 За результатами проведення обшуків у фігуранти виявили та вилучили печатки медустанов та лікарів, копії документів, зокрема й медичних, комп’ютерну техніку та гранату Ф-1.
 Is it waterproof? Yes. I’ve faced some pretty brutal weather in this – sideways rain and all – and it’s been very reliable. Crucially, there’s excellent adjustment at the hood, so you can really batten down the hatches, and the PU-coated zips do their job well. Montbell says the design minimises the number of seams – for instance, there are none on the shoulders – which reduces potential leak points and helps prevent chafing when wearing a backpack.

--

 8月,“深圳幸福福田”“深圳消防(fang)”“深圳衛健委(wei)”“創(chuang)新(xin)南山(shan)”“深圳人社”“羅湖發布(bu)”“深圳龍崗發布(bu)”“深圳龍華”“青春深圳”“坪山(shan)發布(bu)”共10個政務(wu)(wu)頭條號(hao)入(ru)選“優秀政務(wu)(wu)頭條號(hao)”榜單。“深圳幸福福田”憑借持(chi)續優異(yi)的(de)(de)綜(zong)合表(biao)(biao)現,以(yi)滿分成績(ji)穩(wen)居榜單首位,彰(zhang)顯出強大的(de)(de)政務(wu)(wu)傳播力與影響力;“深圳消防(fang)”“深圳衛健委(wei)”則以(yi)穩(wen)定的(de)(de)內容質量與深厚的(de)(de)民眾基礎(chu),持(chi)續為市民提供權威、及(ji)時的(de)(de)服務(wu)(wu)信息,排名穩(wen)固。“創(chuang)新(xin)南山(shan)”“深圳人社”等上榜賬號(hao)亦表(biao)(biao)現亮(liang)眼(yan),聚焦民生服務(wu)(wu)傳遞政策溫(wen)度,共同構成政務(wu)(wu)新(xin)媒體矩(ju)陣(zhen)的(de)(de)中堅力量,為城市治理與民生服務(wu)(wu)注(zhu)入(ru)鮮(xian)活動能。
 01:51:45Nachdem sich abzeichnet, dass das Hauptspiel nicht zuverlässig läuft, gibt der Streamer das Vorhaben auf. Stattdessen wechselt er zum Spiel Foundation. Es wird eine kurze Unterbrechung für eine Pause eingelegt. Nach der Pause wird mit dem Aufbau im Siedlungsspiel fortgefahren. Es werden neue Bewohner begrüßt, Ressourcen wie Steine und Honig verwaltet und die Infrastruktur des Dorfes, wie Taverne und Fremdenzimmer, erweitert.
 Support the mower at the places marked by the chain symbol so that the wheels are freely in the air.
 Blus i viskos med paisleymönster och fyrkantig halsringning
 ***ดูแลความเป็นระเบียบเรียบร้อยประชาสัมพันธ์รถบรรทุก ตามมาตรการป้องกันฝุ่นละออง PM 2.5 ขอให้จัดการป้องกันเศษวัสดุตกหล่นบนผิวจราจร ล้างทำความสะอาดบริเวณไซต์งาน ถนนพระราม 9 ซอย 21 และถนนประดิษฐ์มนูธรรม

INSTRUCTIONS FOR THE TASK: Repeat the entries above verbatim, but only from the line that has "Blus i viskos" down to the line that has "ซอย 21 และถนนประดิษฐ์มนูธรรม", inclusive.

TASK RESPONSE:
 Blus i viskos med paisleymönster och fyrkantig halsringning
 ***ดูแลความเป็นระเบียบเรียบร้อยประชาสัมพันธ์รถบรรทุก ตามมาตรการป้องกันฝุ่นละออง PM 2.5 ขอให้จัดการป้องกันเศษวัสดุตกหล่นบนผิวจราจร ล้างทำความสะอาดบริเวณไซต์งาน ถนนพระราม 9 ซอย 21 และถนนประดิษฐ์มนูธรรม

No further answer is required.